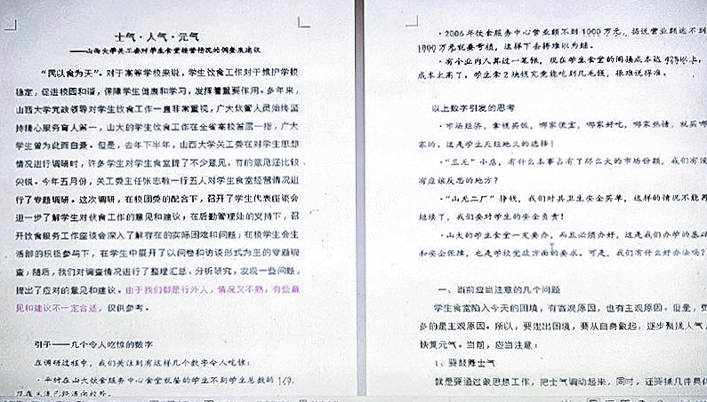 对学生食堂状况进行调研,了解学生吃什么?关工委曾多次召开由各个院系学生代表、管理干部和饮食服务人员参加的座谈会,综合了解学生对学校伙食工作的意见和建议,以及当前饮食工作中存在的问题,向部分二级学院发放调查问卷,了解学生需求和愿望,一份《士气·人气·元气》调查报告,让学校掌握了餐厅改进的方向。
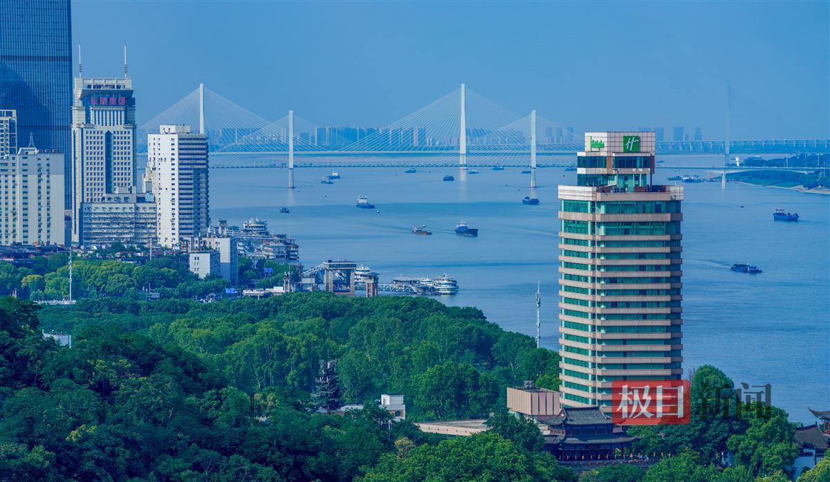 当天下午,极目新闻记者在汉阳莲花湖旁边的寰宇天下楼上看到,龟山电视塔、长江大桥、前川假日酒店、黄鹤楼、绿地606、长江二桥、二七长江大桥、鹦鹉洲长江大桥等地标尽收眼底。
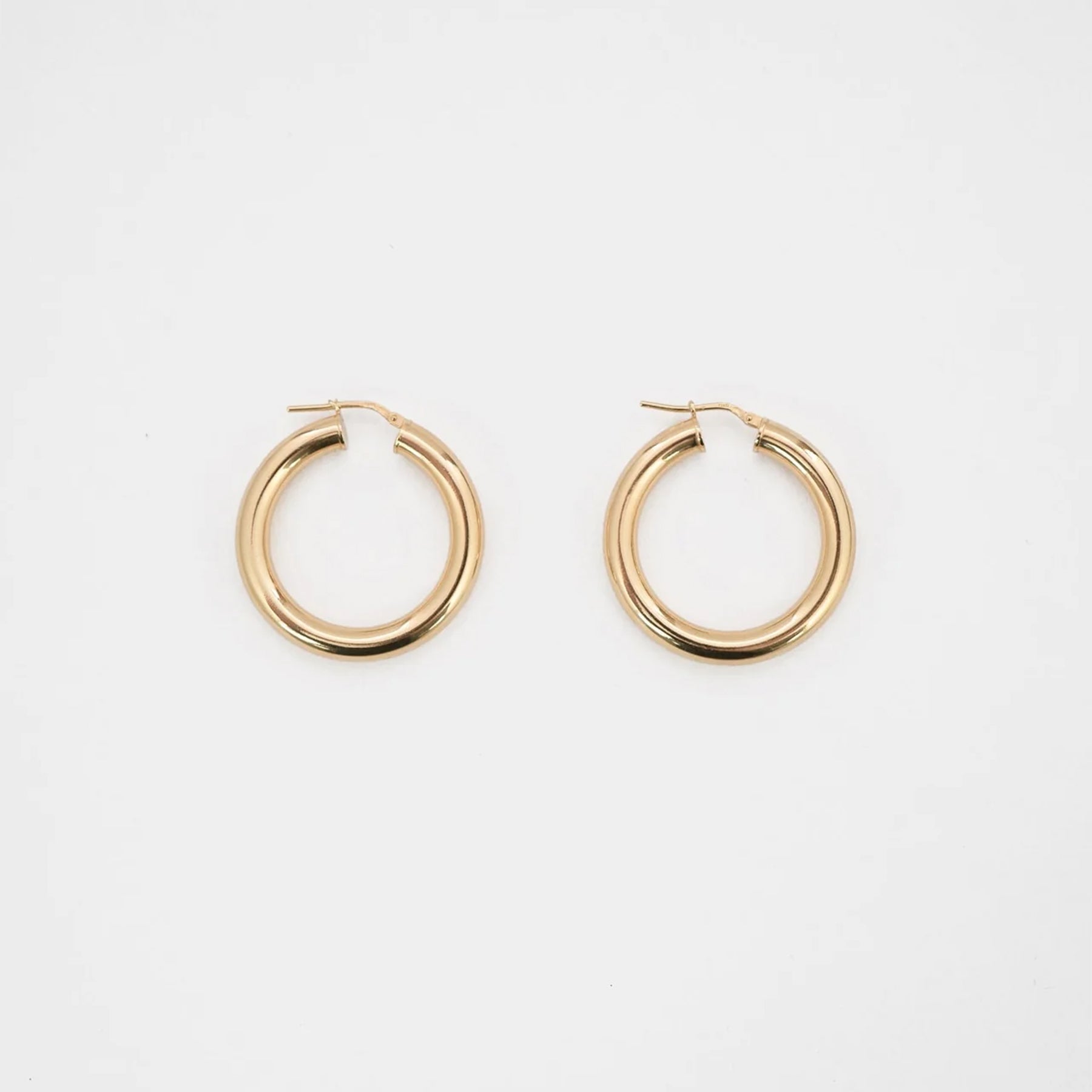 Hoop earrings made from gold vermeil in a hollow tube silhouette that’s light enough for daily wear. Diameter measures 33mm and 5mm thick. Sterling Silver base with 2.5 microns of premium 14kt gold coating. Sold as a pair.
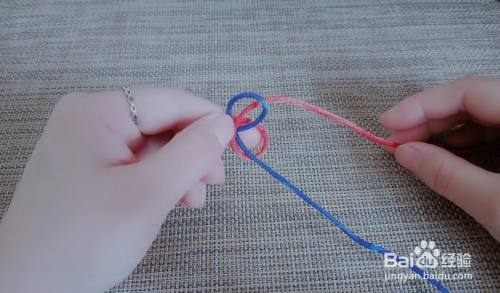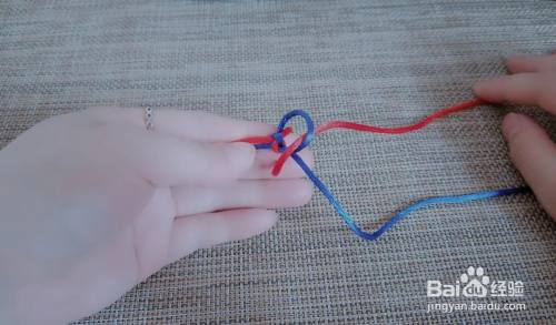 接着将红线绕左手食指做一个圈,然后穿过蓝圈。

§ **TASK INSTRUCTIONS**
Once the pictures are set aside, what is needed is the lines from the line with "Hoop earrings made" through the end of the data, written out exactly and alone.

§ **RESULT BELOW**
 Hoop earrings made from gold vermeil in a hollow tube silhouette that’s light enough for daily wear. Diameter measures 33mm and 5mm thick. Sterling Silver base with 2.5 microns of premium 14kt gold coating. Sold as a pair.
 接着将红线绕左手食指做一个圈,然后穿过蓝圈。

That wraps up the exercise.